Scaling Developmental Science with PsyNet
Building tools and paradigms to run high-powered, cross-cultural developmental experiments online.
Developmental science faces a fundamental paradox: infants are among the most important populations to study yet also one of the most challenging to test. Early cognitive development shapes lifelong learning, individual differences, and the cultural transmission of knowledge across generations — making it essential for building theories of human cognition. Yet infants cannot verbalize their thoughts, require substantial caregiver coordination, have fleeting attention spans, and mature rapidly, severely constraining re-testing opportunities. These inherent difficulties have created methodological bottlenecks that limit what we can learn about the developing mind.
In a joint grant, we are extending PsyNet — our scalable online experimentation framework — to meet the specific needs of developmental research. The goal is to achieve greater granularity, efficiency, and global reach in studies with infants and children: running experiments that manipulate core cognitive parameters to improve the interpretability of results, including direct extensions of recent large-replication reports.
What we do
- Extend PsyNet with developmental workflows: caregiver coordination, child-friendly interfaces, video recording, AI-based age and identity verification, and adaptive protocols.
- Enable high-powered studies deployable across multiple languages, cultures, and populations, reaching populations historically excluded from developmental research.
- Run empirical studies targeting core cognitive parameters — including infant music perception, statistical learning, and child-directed speech — to sharpen theoretical interpretability.

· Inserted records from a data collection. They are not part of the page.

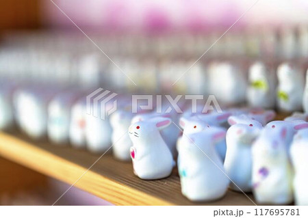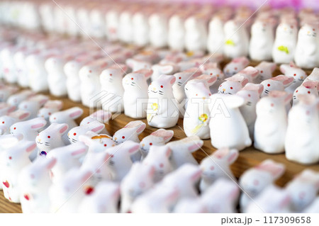 初夏の熊野神社(熊野大社)に並ぶうさぎの置物たち_山形県南陽市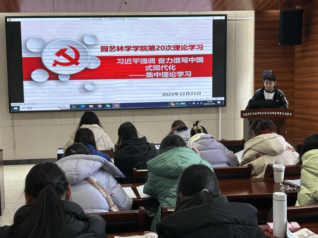 12月21日,澳门十大网投正规官网平台组织研究生、本科生于南楼204会议室开展了“周四理论学习日”学习活动,本周理论学习主题为“奋力谱写中国式现代化”,共有视频学习、自由读报和理论知识竞答三个环节。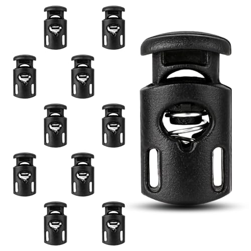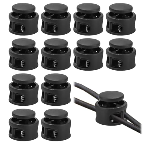 12 stycken snörstopp, plastförslutningar, sladdklämma, 2 hål, snabbkopplingsskor, skosnören fjäderspänne, svarta skosnören, klämmor för dragsnöre, väskor, kläder, hatt och ryggsäckar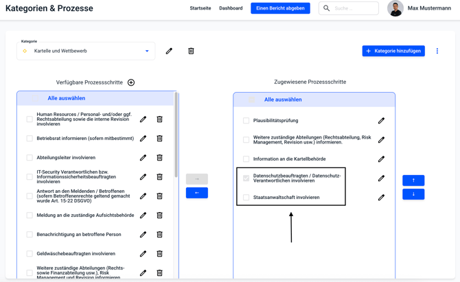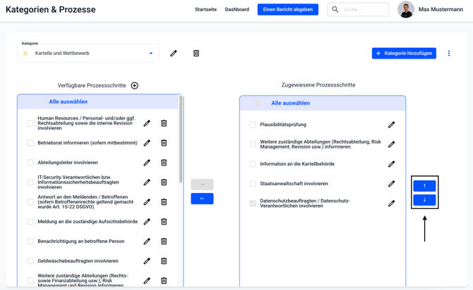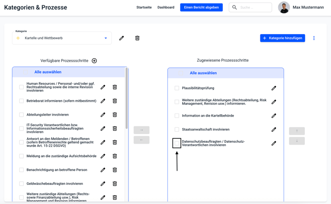 In der Übersicht kann mit einem Klick auf die Kategorie, die Kategorie ausgewählt werden, in welcher Prozessschritte sortiert werden sollen.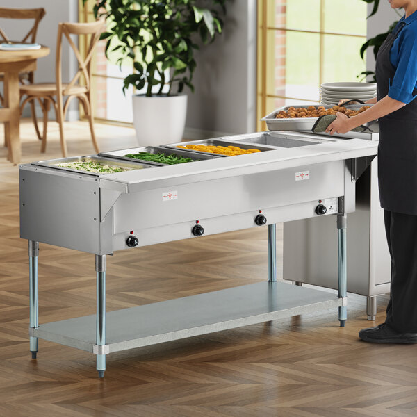 The Advance Tabco HF-4-E Four Pan Electric Steam Table with Undershelf-Open Well is working great. We had to replace the electrical cord because we did not have the right outlet for this table. The table fits our nutrition site perfect. Very easy to operate and clean.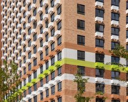 На первых этажах разместятся магазины и различные сервисы услуг. В зелёных дворах без автомобилей будут обустроены детские площадки и места для отдыха.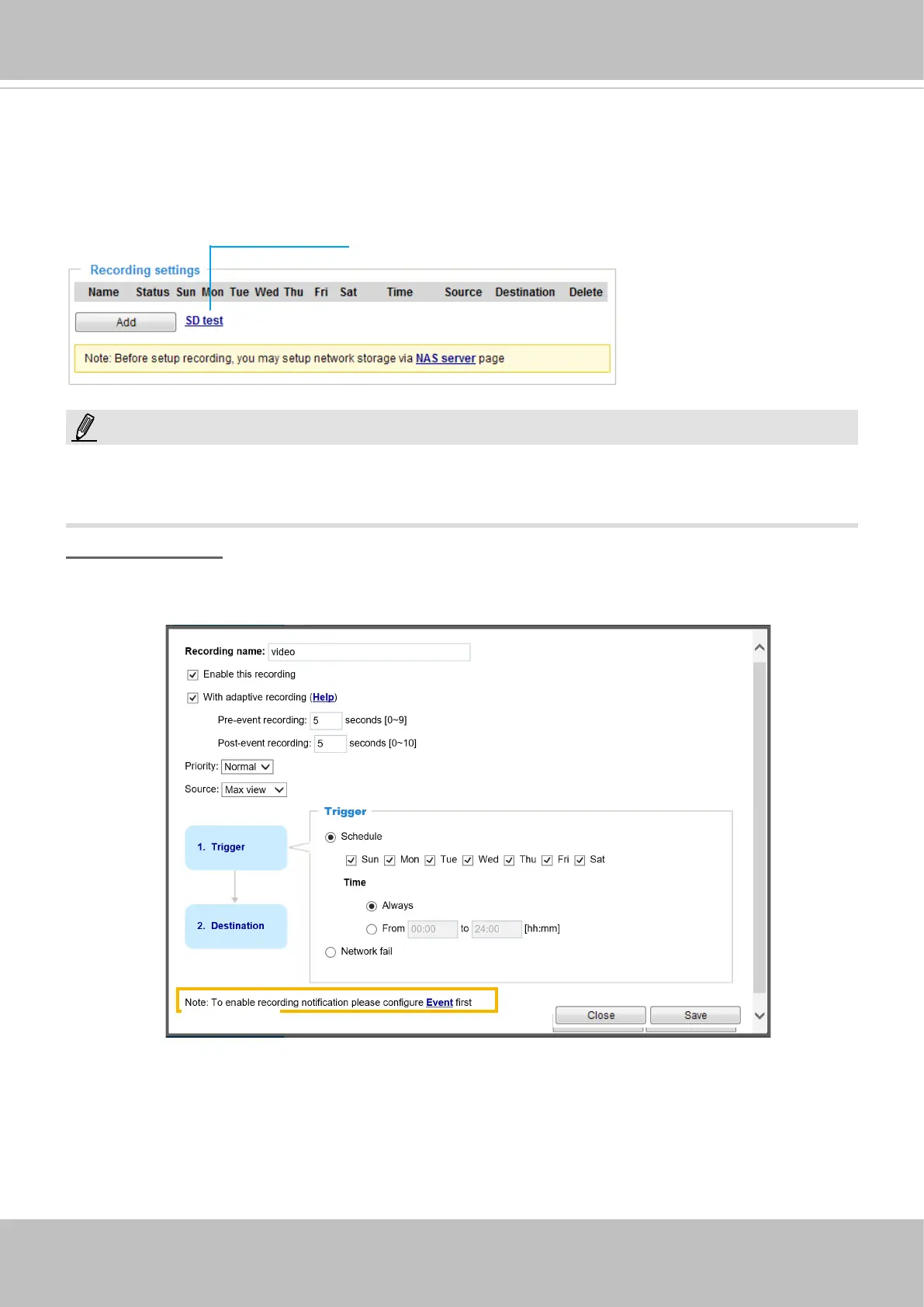 Click Add to open the recording setting window. On this page, you can dene the adaptive recording,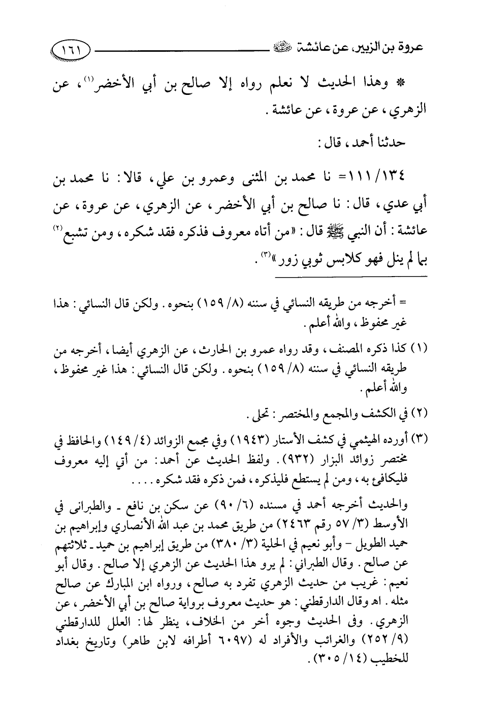 134- حَدَّثَنَا مُحَمَّدُ بْنُ الْمُثَنَّى وَعَمْرُو بْنُ عَلِيٍّ، قالاَ: حَدَّثَنا محمد بن أبي عدي، قالَ: حَدَّثَنا صَالِحُ بْنُ أَبِي الأَخْضَرِ , عَنِ الزُّهْرِيِّ , عَنْ عروة , عن عائشة رضي الله عنها أَنَّ النَّبِيَّ صَلَّى اللَّهُ عَلَيْهِ وَسَلَّمَ قَالَ: من أتاه معروف فذكره فقد شكره ومن تشبع بما لم ينل فهو كلابس ثوبي زور.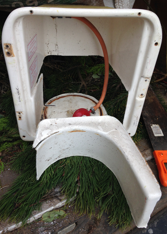 Thankfully, the Sweden’s engine bilge has a baffle that prevents it from spilling into the other bilges unless it is really really full, so the problem was fairly contained. We made a start with the ever-so-useful Puppy pads that I always keep to hand, aided by a plastic scoop fabricated from a plastic water bottle. Then we scattered laundry powder into the remainder to make it clump, so that I could lift it out with kitchen paper. Finally I polished the whole area with dish detergent followed by wet-wipes. When we were done, we had a full bucket of sopping debris, but the aft cabin smelled clean again.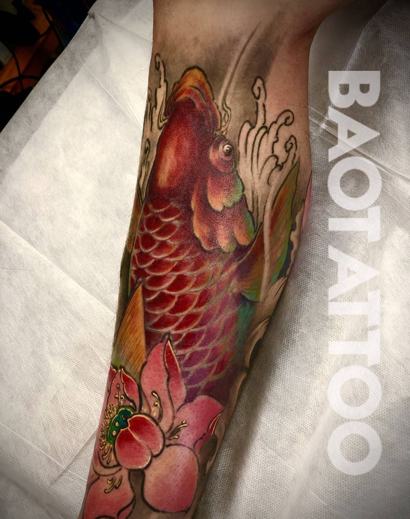当前位置: 首页 >山西省太原市纹身店-宝Tattoo纹身图案>红锦鲤纹身图片_腿部新传统锦鲤纹身图案
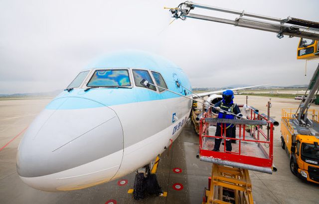 항공기 세척에는 특수 장비 6대와 인력 17명이 동원됐다. 물을 공급하고 분사하는 트럭 2대, 항공기 동체 접근에 사용되는 리프트카 2대, 항공기 주 날개와 꼬리 날개 접근에 사용되는 바스켓 고소 장비 2대다. 항공기 동체와 주 날개, 꼬리 날개, 조종석 앞유리 등을 꼼꼼하게 닦는 데 총 3시간 가량이 소요됐다.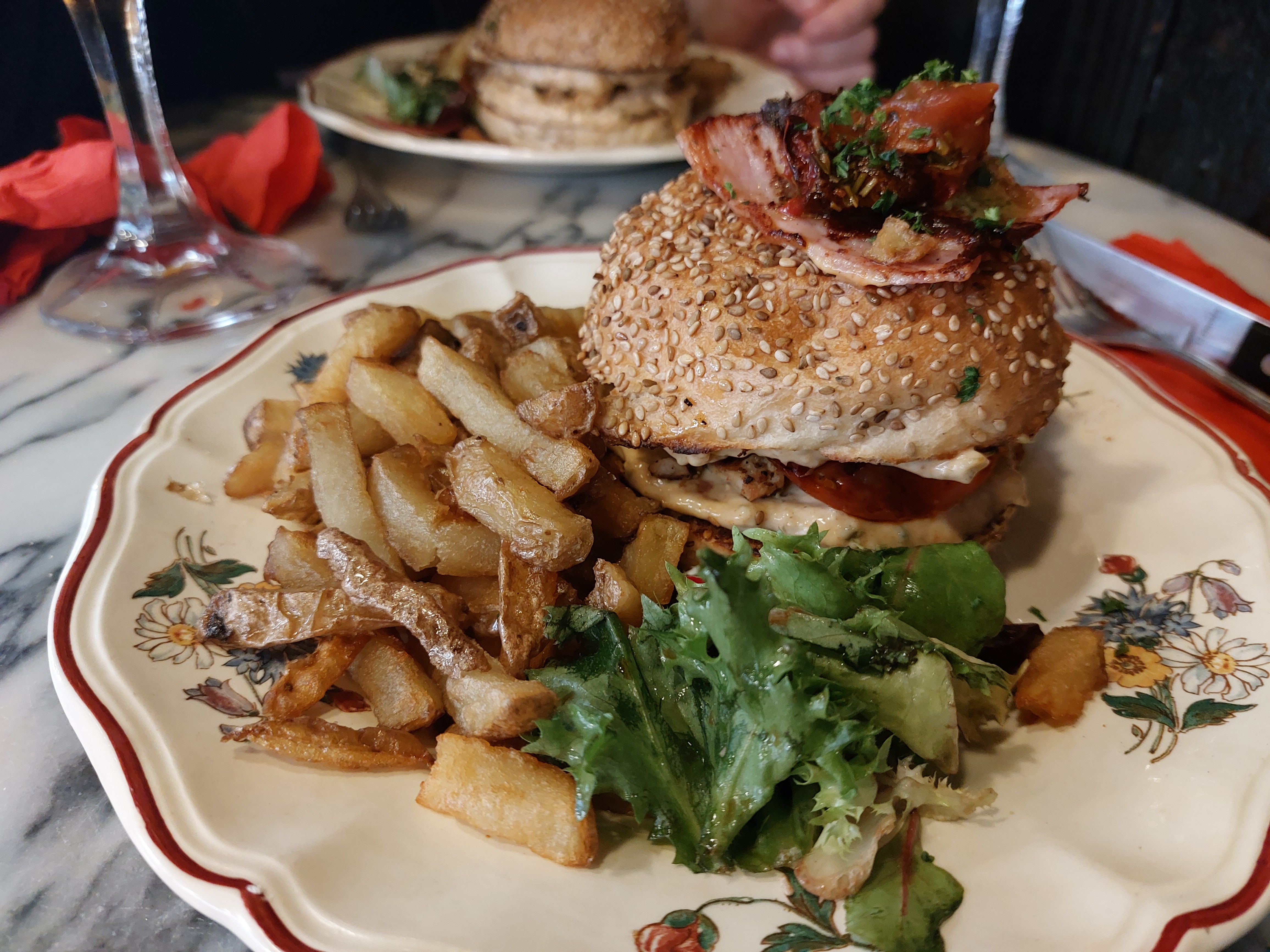 Première fois que nous goûtons un burger maison au porc (filet mignon et bacon + sauce délicieuse dedans dont j'ai malheureusement oublié le nom) et franchement quel régal! L'entrée de salade au fromage de burrata était excellente aussi !

- Extend and challenge existing findings from large replication studies, contributing to a more robust and generalizable developmental science.
Why it matters
The questions developmental science asks — how minds form, how culture is transmitted, why individuals differ — are among the most fundamental in cognitive science. Yet the field’s methodological toolkit has lagged behind its ambitions. By building infrastructure that enables large-scale, cross-cultural, and theory-driven experimentation with infants and children, this project aims to transform how developmental science is conducted: generating more inclusive datasets, sharper statistical inference, and genuinely generalizable theories of early human cognition.